::: INPUT DATA :::
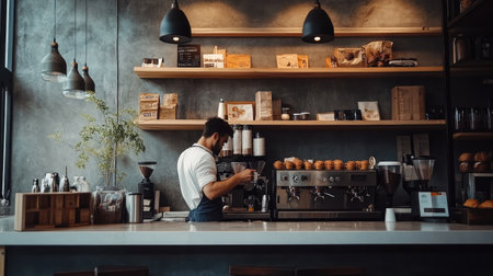 A sleek coffee shop counter with a barista making espresso, modern decor, and a display of freshly roasted beans and baked goods -
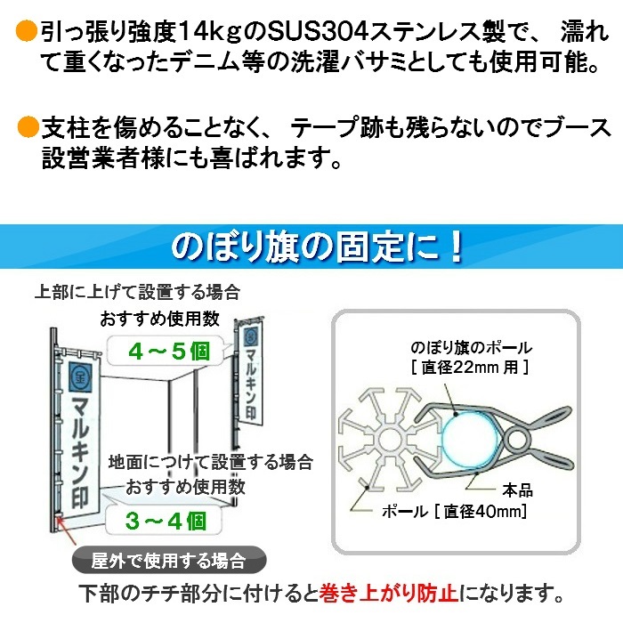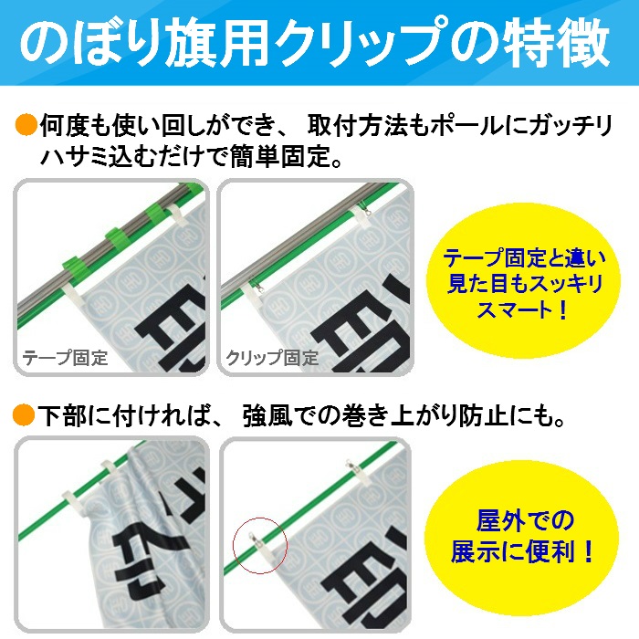 実用新案取得済、引張強度約14kg(工業試験場で検査済)の「のぼり旗用クリップ」を、ぜひご活用ください!
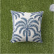 Tropiskt blått och vitt Handflatan-Träd-kusten utanför Dekorativ kudde. Prefekt för ett bostadsområde utomhus, en kustnära helgedom eller ett trädeskvot. Design skapat av Kusten-konstnären Jillee K. Copyright © Total Kusten All Högers Reserved 2023
:::
(WHAT YOU WILL DO): All of the data must be repeated exactly, except for the pictures.

(ANSWER TO THE EXERCISE):
 A sleek coffee shop counter with a barista making espresso, modern decor, and a display of freshly roasted beans and baked goods -
 実用新案取得済、引張強度約14kg(工業試験場で検査済)の「のぼり旗用クリップ」を、ぜひご活用ください!
 Tropiskt blått och vitt Handflatan-Träd-kusten utanför Dekorativ kudde. Prefekt för ett bostadsområde utomhus, en kustnära helgedom eller ett trädeskvot. Design skapat av Kusten-konstnären Jillee K. Copyright © Total Kusten All Högers Reserved 2023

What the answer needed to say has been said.